Proving the party’s storied resilience against learning any valuable lessons from defeat, Labor backbencher Joel Fitzgibbon has been on a media tour, blaming the loss on Labor’s “brand” problem. According to Fitzgibbon, Labor isn’t pro-coal enough.
“We need to tackle discrimination, racism, and bigotry and all those terrible ills,” he said, before qualifying, “but not in a way which threatens the rights of those, the overwhelming majority, who do the right thing every day.”
It’s a statement that raises a question: Whose rights are threatened by tackling racism? One would assume only racists. This is exactly the kind of bold vision that has led to Labor’s new campaign slogan: Stand up for nothing.
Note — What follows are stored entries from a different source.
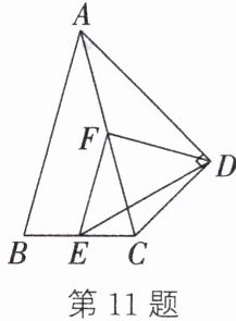 11. 如图,在$△ABC$中,$AB= AC= 4$,$∠CAB= 30^{\circ}$,以 AC 为斜边作$Rt△ADC$,使$∠ADC= 90^{\circ}$,$∠CAD= ∠CAB$,E,F 分别是 BC,AC 的中点,连接 EF,DE,DF,则 DE 的长为______.
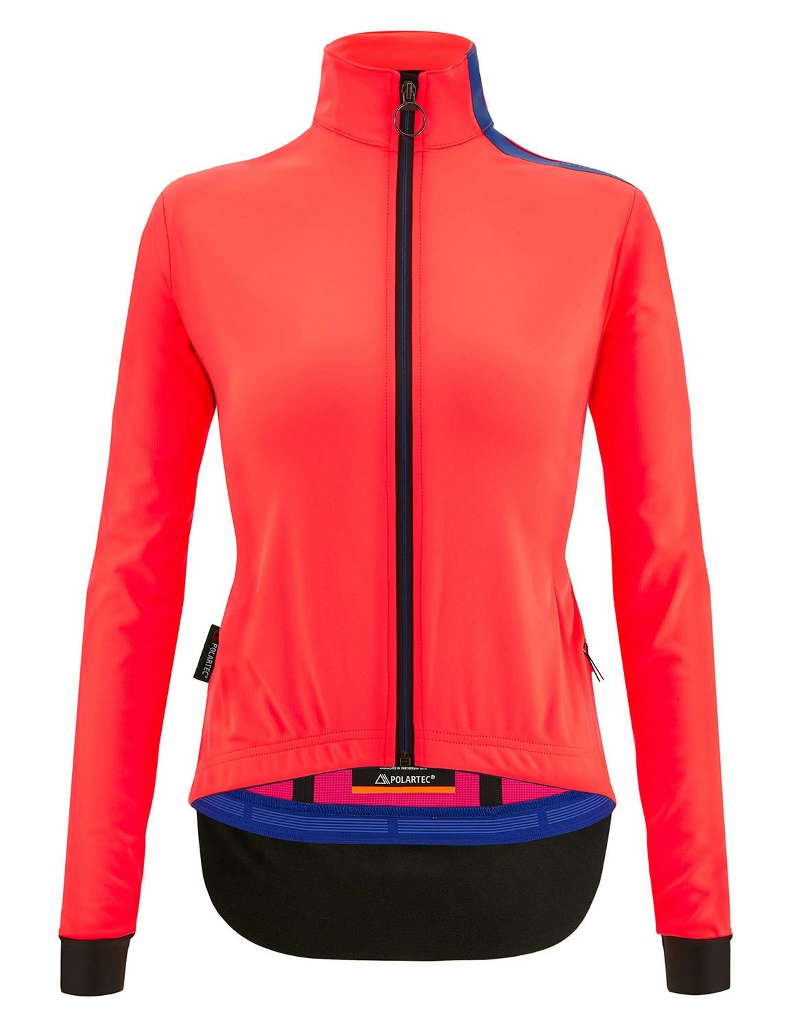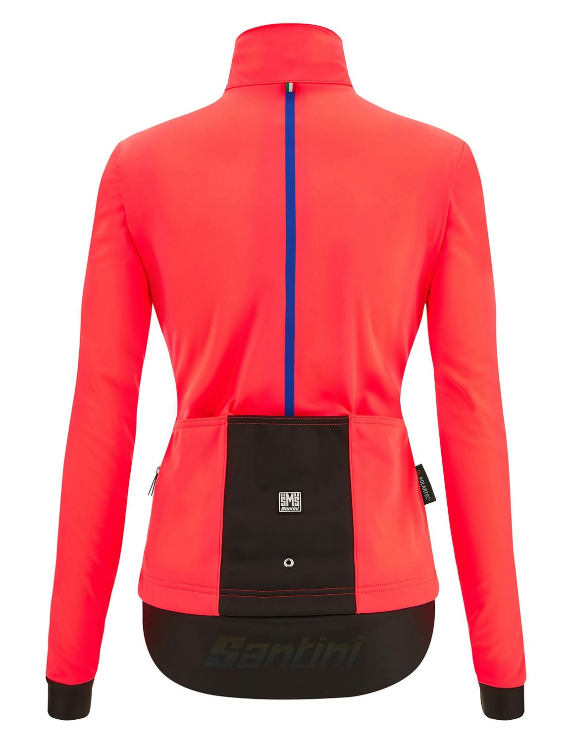 Reflective shoulder band, back inserts, and reflective Santini logo ensure maximum safety in low visibility.All-weather winter jacket cut for women. Vega Multi is designed to guarantee complete thermal balance in any climate conditions. Ideal for cold rides and very wet weather. Innovative water resistant hood that can be folded in to the collar.
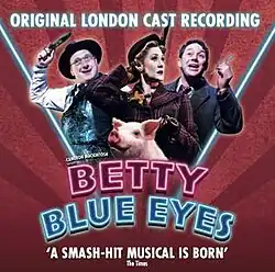 Betty Blue Eyes opened at the Novello Theatre in the West End, London, on 13 April 2011, following previews from 19 March.[5] The production was directed by Richard Eyre, with musical staging by Stephen Mear design by Tim Hatley and orchestrations by William David Brohn. The cast consisted of Sarah Lancashire as Joyce Chilvers, Reece Shearsmith as Gilbert Chilvers, David Bamber as Doctor Swaby, Jack Edwards as Mr Allardyce, Ann Emery as Mother Dear, Mark Meadows as Lockwood and Adrian Scarborough as Inspector Wormold. The voice of the show's animatronic pig Betty was provided by Australian singer Kylie Minogue.[6] Despite positive reviews,[7] the musical closed in London on 24 September 2011, after a run of six months.[8][9]

Fitzgibbon’s feedback hasn’t been welcomed by his colleagues. At the federal level, Pat Conroy has gone so far as to tell him to “shut up”, saying his criticisms are damaging the ALP’s standing, a statement that implies the ALP has standing.
The continued public fighting has also drawn attention to Labor’s ongoing identity crisis, which is a welcome distraction from Labor’s decision to support the government’s bill to expand the indefinite detention of refugees. More coal, human rights abuse of refugees, a leadership team made up almost entirely of mediocre men in ill-fitting suits… The confusion over Labor’s brand is pretty easily solved. There is no Labor, just Liberal-lite.
Who watches the watchmen? Or rather, who backgrounds the backgrounders?
Well, if it’s the prime minister’s office, apparently that job falls to John Kunkel, Scott Morrison’s chief of staff.
Kunkel was tasked with investigating allegations that the prime minister’s media team gave negative briefings to journalists against the partner of Brittany Higgins.
The results were in keeping with every result ever delivered when someone is asked to investigate their own wrongdoing – mining companies that blow up heritage sites and police departments that look into racial violence committed by their officers – and found no “first-hand” evidence. “My chief of staff found in the negative,” Morrison said, phrasing his office’s innocence in the weirdest way possible.
The lack of firsthand evidence, it would seem, is due to no journalists in the press gallery being willing to confirm the backgrounding having taken place. This vow of silence has extended to Peter van Onselen, who in February tweeted his willingness to “name names, no problem”. Those tweets have since been deleted. Perhaps being a regular contributor to ABC’s Insiders requires one to keep what really happens inside, on the inside. Otherwise, you risk becoming an outsider.